Bunau–Varilla, Philippe Jean (1859–1940)
Bunau–Varilla, Philippe Jean (1859–1940)
Philippe Jean Bunau-Varilla (b. 26 July 1859; d. 20 May 1940), French engineer and promoter of the Panama Canal. Philippe Bunau-Varilla was apparently an illegitimate child from a modest Protestant background whose mother managed to send him to the École Polytechnique on a scholarship. He attended the École des Ponts et Chaussés, where he was spellbound by a lecture of Ferdinand Márie de Lesseps. After graduation in 1884, he headed for Panama, fortunately on the same ship as Charles Dingler, the head engineer of the French Panama Canal project. When Bunau-Varilla arrived in Panama, he was assigned to head the engineering section of the Culebra and Pacific division. After the Panama Canal Company went bankrupt in 1889, he helped organize and manage the New Interoceanic Canal Company from 1894 to 1902.

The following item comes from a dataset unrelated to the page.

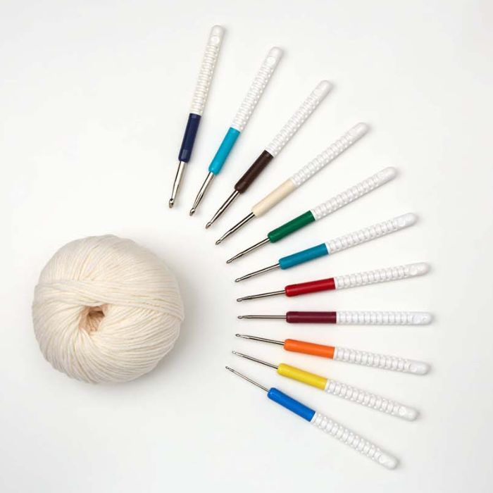 I AddiColour, den klassiska modellen av Addi-virknålar, är virknålar färgkodade efter storlek. Tack vare den tjockare handtagsdelen ligger virknålen bättre i handen vid virkning och det långa handtaget gör hanteringen av kroken enklare. Spetsen på AddiColour-virknålen tillverkats av aluminium och handtaget av plast.

Bunau-Varilla arranged the sale of the company to the U.S. government in 1902 for $40 million and then lobbied and schemed to have the Panamanians revolt so that the U.S. government could acquire a canal treaty from an independent Panamanian government. He reportedly earned several million dollars from the sale of his canal company stock when the United States acquired the rights. He maintained an intermediary role between a Panamanian revolutionary group formed around Dr. Manuel Amador Guerrero and the U.S. government. Bunau-Varilla met frequently with U.S. Assistant Secretary of State Francis Loomis and occasionally with Professor John Bas-sett Moore, Secretary of State John Hay, and President Theodore Roosevelt. During a meeting with Roosevelt on 29 October 1903, Bunau-Varilla was given the signal that the U.S. government would intervene to prevent Colombian soldiers from landing to combat the revolutionary forces. This signal prompted him to leave the meeting hastily and telegraph Amador that the planned revolt could proceed. While serving as Panama's minister, he quickly negotiated a canal treaty with the U.S. government in November 1903—the Hay-Bunau-Varilla Treaty—which conceded the United States all the terms it wished for in a canal government.

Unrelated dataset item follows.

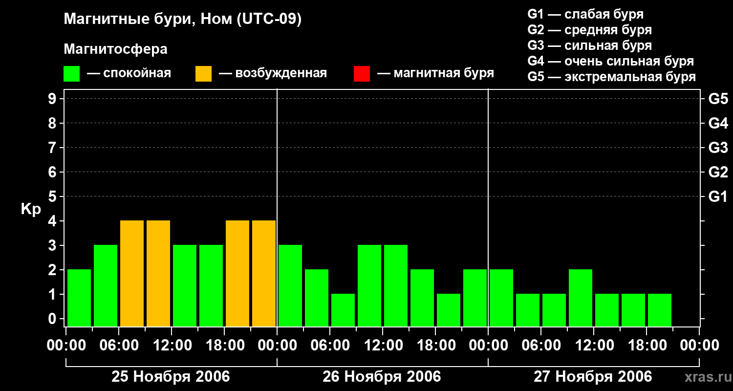 Изменения геомагнитного индекса Kp с 25 по 27 ноября 2006 года для средних широт

After the de Lesseps canal company failed, Bunau-Varilla returned to France to enter the publishing business. He acquired a share of Le Matin, which he managed for several decades. He was personally involved in exposing as forgeries the documents of the Austrian major C. F. Walsin-Esterhazy, which had suggested that the Jewish officer Alfred Dreyfus was guilty of treason. Le Matin also served as a vehicle to combat opposition to the New Inter-oceanic Canal Company and to promote Bunau-Varilla's views of the New World and transit affairs.
Bunau-Varilla volunteered for military service in World War I. During the war, he lobbied for chlorination of water as a means of reducing disease and illness among the French troops and after the war continued to urge the chlorination of city water supplies. He died during the German invasion of France in World War II.

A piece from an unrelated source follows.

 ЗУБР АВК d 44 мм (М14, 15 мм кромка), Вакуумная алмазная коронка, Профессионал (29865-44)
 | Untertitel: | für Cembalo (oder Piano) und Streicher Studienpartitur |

See alsoHay-Bunau-Varilla Treaty (1903); Panama Canal.
BIBLIOGRAPHY
Philippe Bunau-Varilla, Panama: The Creation, Destruction, and Resurrection (1913), and From Panama to Verdun: My Fight for France (1940).
Charles D. Ameringer, "The Panama Canal Lobby of Philippe Bunau-Varilla and William Nelson Cromwell," in American Historical Review 68 (January 1963): 346-363, and "Philippe Bunau-Varilla: New Light on the Panama Canal Treaty," in Hispanic American Historical Review 46, no. 1 (1966): 28-52.
William Spence Robertson, "Hay-Bunau-Varilla Treaty," in Dictionary of American History, rev. ed. (1976), p. 265.
David McCullough, The Path Between the Seas: The Creation of the Panama Canal 1870–1914 (1977).
Gustave Anguizola, Philippe Bunau-Varilla: The Man Behind the Panama Canal (1980).
Additional Bibliography
Bonilla, Heraclio, and Gustavo Montañez. Colombia y Panamá: La metamorfosis de la nación en el siglo XX. Bogotá: Universidad Nacional de Colombia, 2004.
Perigault Sánchez, Bolívar. Cronología complementada del Canal de Panamá, 1492–2000. Panamá: Editorial Universitaria, 1998.